**EXERCISE INSTRUCTIONS:** Repeat every line of the data exactly; the pictures stay out.

[Collected data entries]
#####

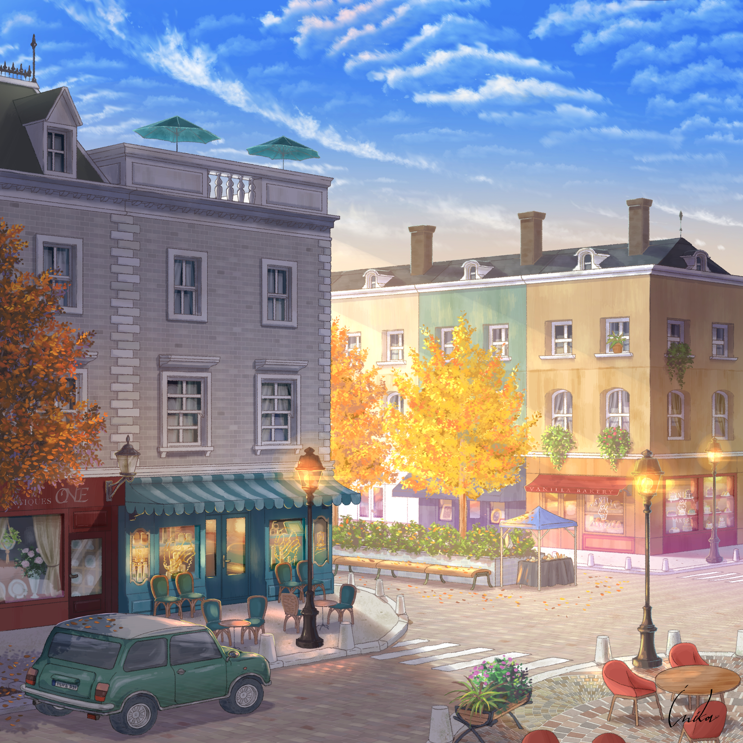 absurdres artist_name bench blue_sky building car chair chimney cloud cloudy_sky commentary_request crosswalk curtains day door flower highres inika lamppost leaf motor_vehicle no_humans original outdoors park_bench pavement plate railing road scenery shade shop sidewalk signature sky street sunlight table tree umbrella vase window
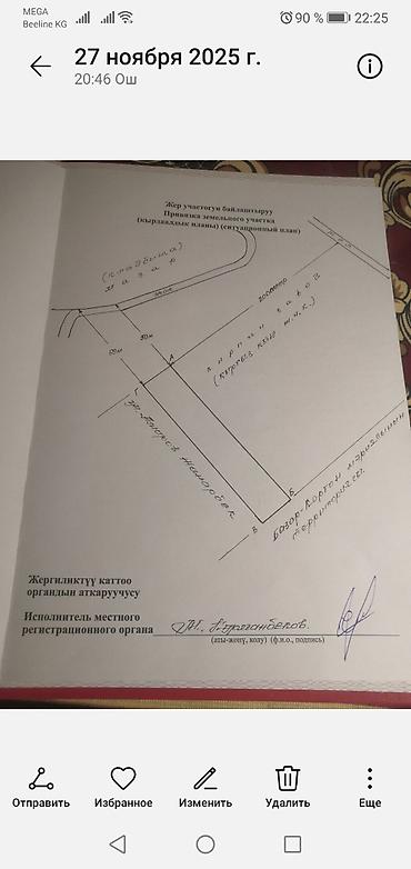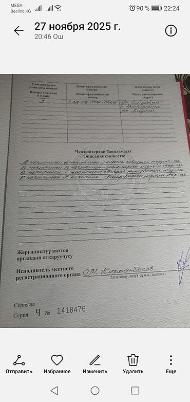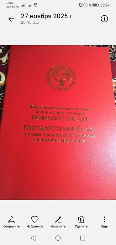Земельный участок с полным пакетом документов (Государственный акт о праве частной собственности на земельный участок, серия Ч №1418476). Документы оформлены на Кыргызской Республике, наличие подписи исполнителя местного регистрационного органа.
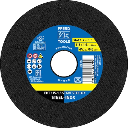 Cut Off Wheel, Type 1, 4.5 in Dia, 3/64 in Thick, 7/8 in Arbor Hole Size, Aluminum Oxide, 46 Grit
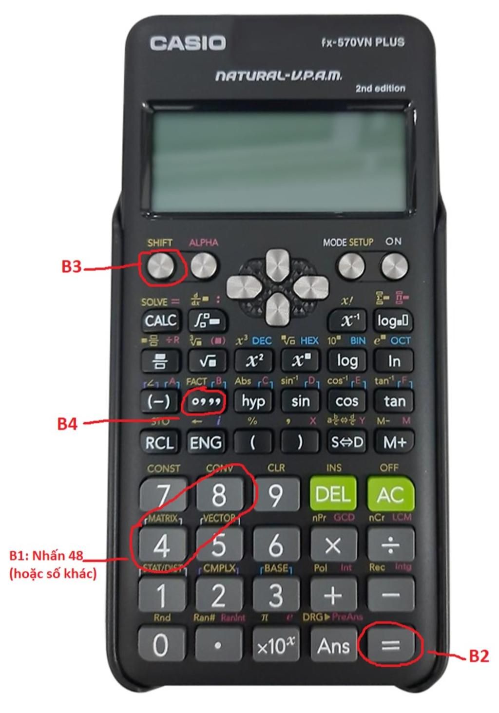 Bấm `48``->` Bấm dấu "="`->` Bấm Shift `->` Bấm Fact ( Ô có chữ Fact màu vàng )
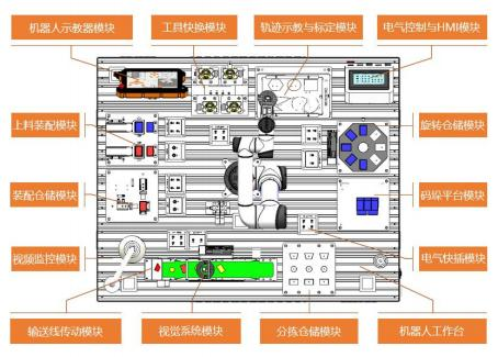 工作臺整體由兩個基礎臺拼接而成,更具空間靈活,拆卸方便等特點。臺面采用標準鋁型材,機器人 及功能模塊可根據需求改變布局位置,所有功能模塊采用手擰螺栓方式固定,可實現無工具快速拆裝與更 換。每個模塊電氣部分配置了獨立的電氣接線盒和快速航插,可實現模塊整體機械和電氣快速安裝部署, 還可根據需求更換或添加功能模塊進行功能擴展。
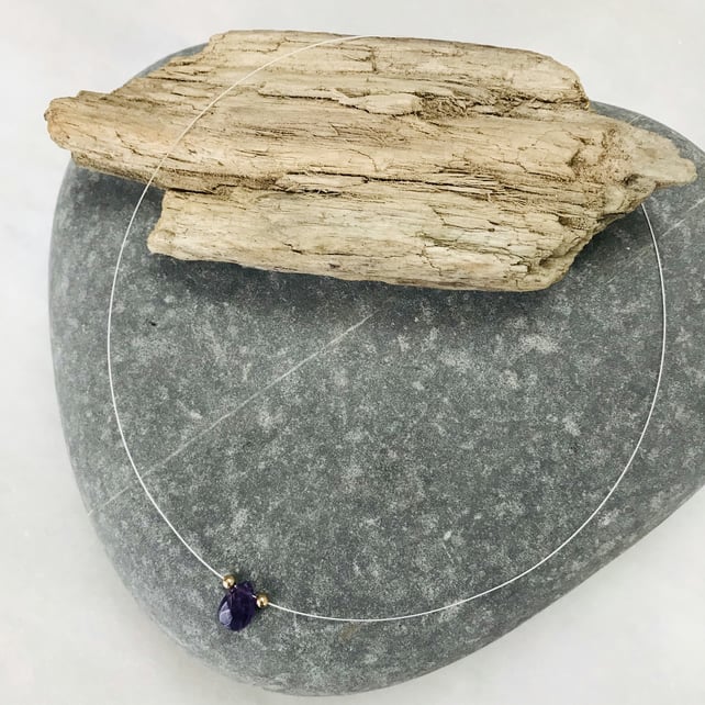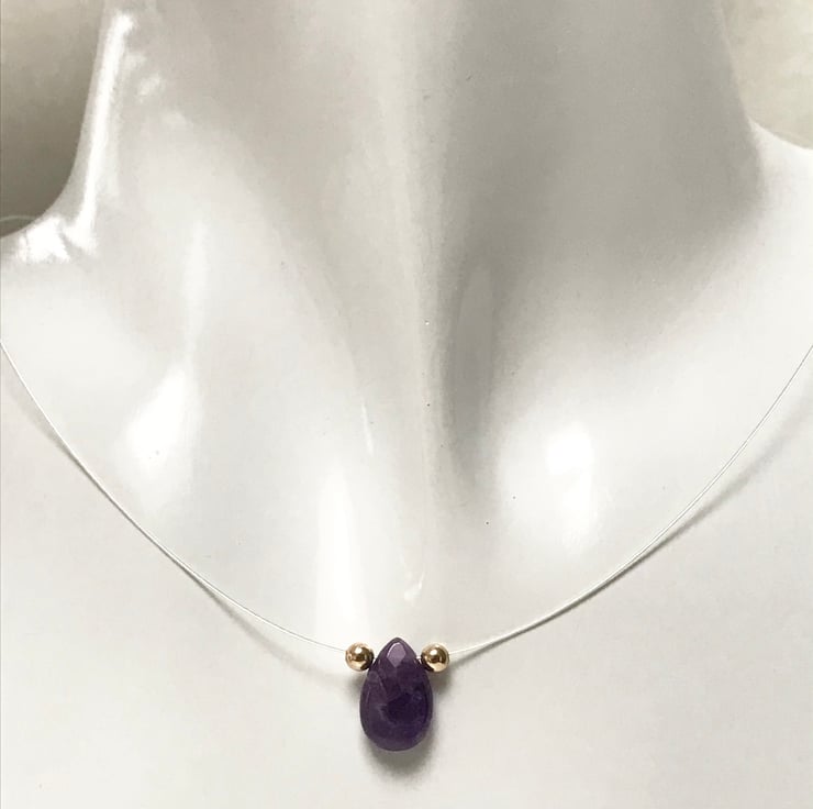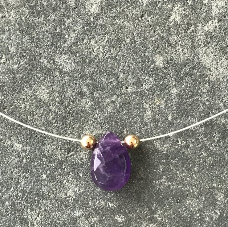Amethyst faceted gemstone bead necklace. The purple gemstone is complimented with 2 small gold filled round beads.
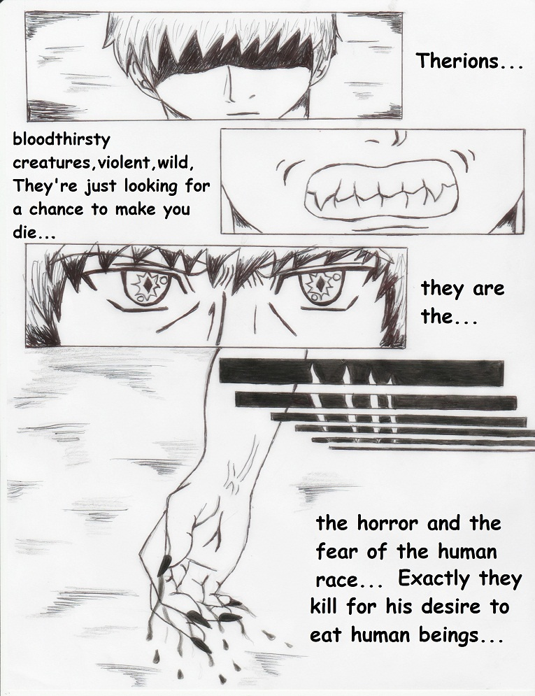 They were the evolution of science and man, created with human and animal DNA these humanoid beings had similarities with humans, possessed own their own mind, were considered perfect, but there was a genetic mistake and it got out of control. Therions started to created their own independent race and consume human flesh to survive due to their animal DNA, from that day on the humans and the Therions were enemies.
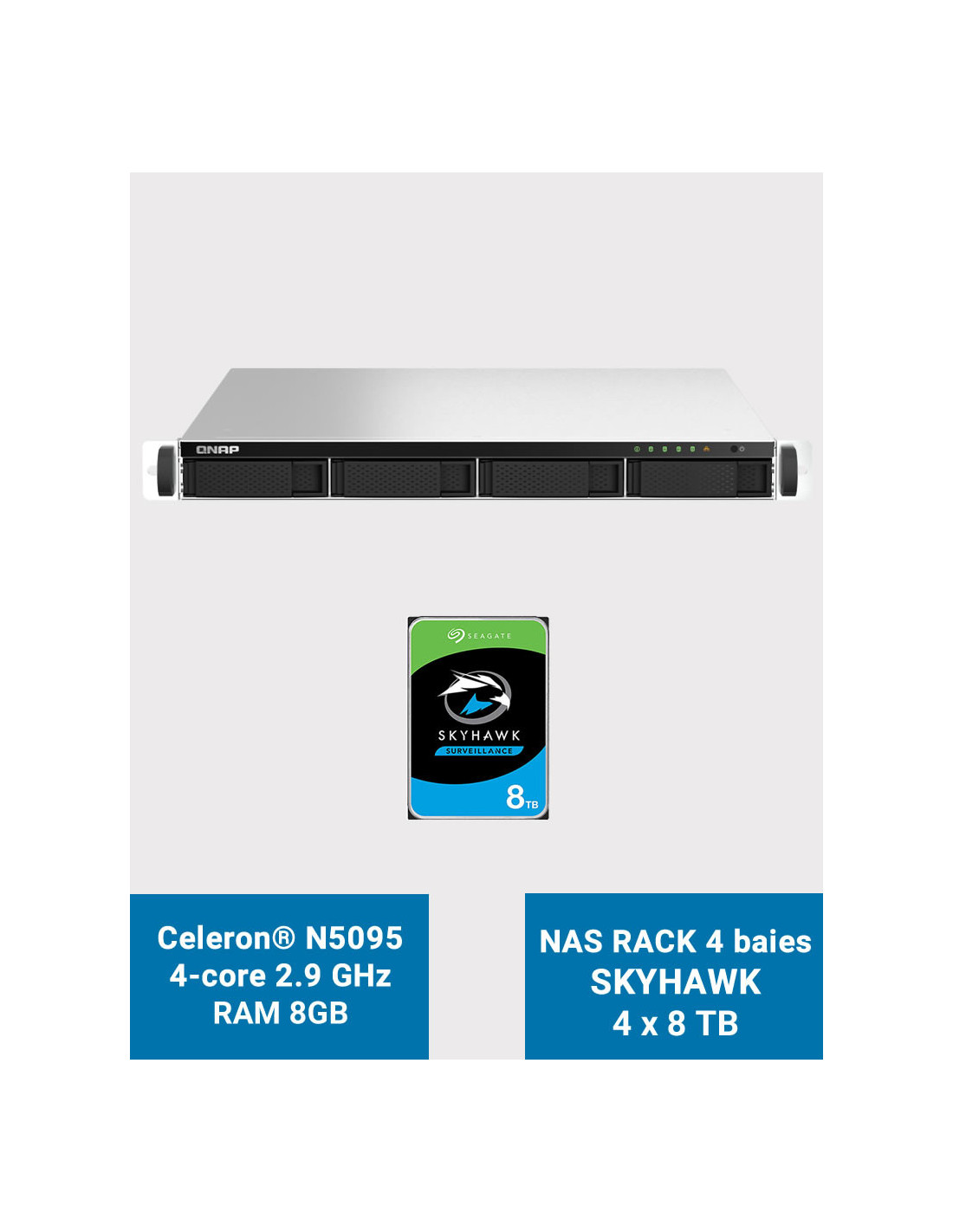 QNAP TS-464U 8GB Serveur NAS Rack 1U 4 baies SKYHAWK 32To (4x8To)

#####

**EXERCISE ANSWER:**
 absurdres artist_name bench blue_sky building car chair chimney cloud cloudy_sky commentary_request crosswalk curtains day door flower highres inika lamppost leaf motor_vehicle no_humans original outdoors park_bench pavement plate railing road scenery shade shop sidewalk signature sky street sunlight table tree umbrella vase window
Земельный участок с полным пакетом документов (Государственный акт о праве частной собственности на земельный участок, серия Ч №1418476). Документы оформлены на Кыргызской Республике, наличие подписи исполнителя местного регистрационного органа.
 Cut Off Wheel, Type 1, 4.5 in Dia, 3/64 in Thick, 7/8 in Arbor Hole Size, Aluminum Oxide, 46 Grit
 Bấm `48``->` Bấm dấu "="`->` Bấm Shift `->` Bấm Fact ( Ô có chữ Fact màu vàng )
 工作臺整體由兩個基礎臺拼接而成,更具空間靈活,拆卸方便等特點。臺面采用標準鋁型材,機器人 及功能模塊可根據需求改變布局位置,所有功能模塊采用手擰螺栓方式固定,可實現無工具快速拆裝與更 換。每個模塊電氣部分配置了獨立的電氣接線盒和快速航插,可實現模塊整體機械和電氣快速安裝部署, 還可根據需求更換或添加功能模塊進行功能擴展。
Amethyst faceted gemstone bead necklace. The purple gemstone is complimented with 2 small gold filled round beads.
 They were the evolution of science and man, created with human and animal DNA these humanoid beings had similarities with humans, possessed own their own mind, were considered perfect, but there was a genetic mistake and it got out of control. Therions started to created their own independent race and consume human flesh to survive due to their animal DNA, from that day on the humans and the Therions were enemies.
 QNAP TS-464U 8GB Serveur NAS Rack 1U 4 baies SKYHAWK 32To (4x8To)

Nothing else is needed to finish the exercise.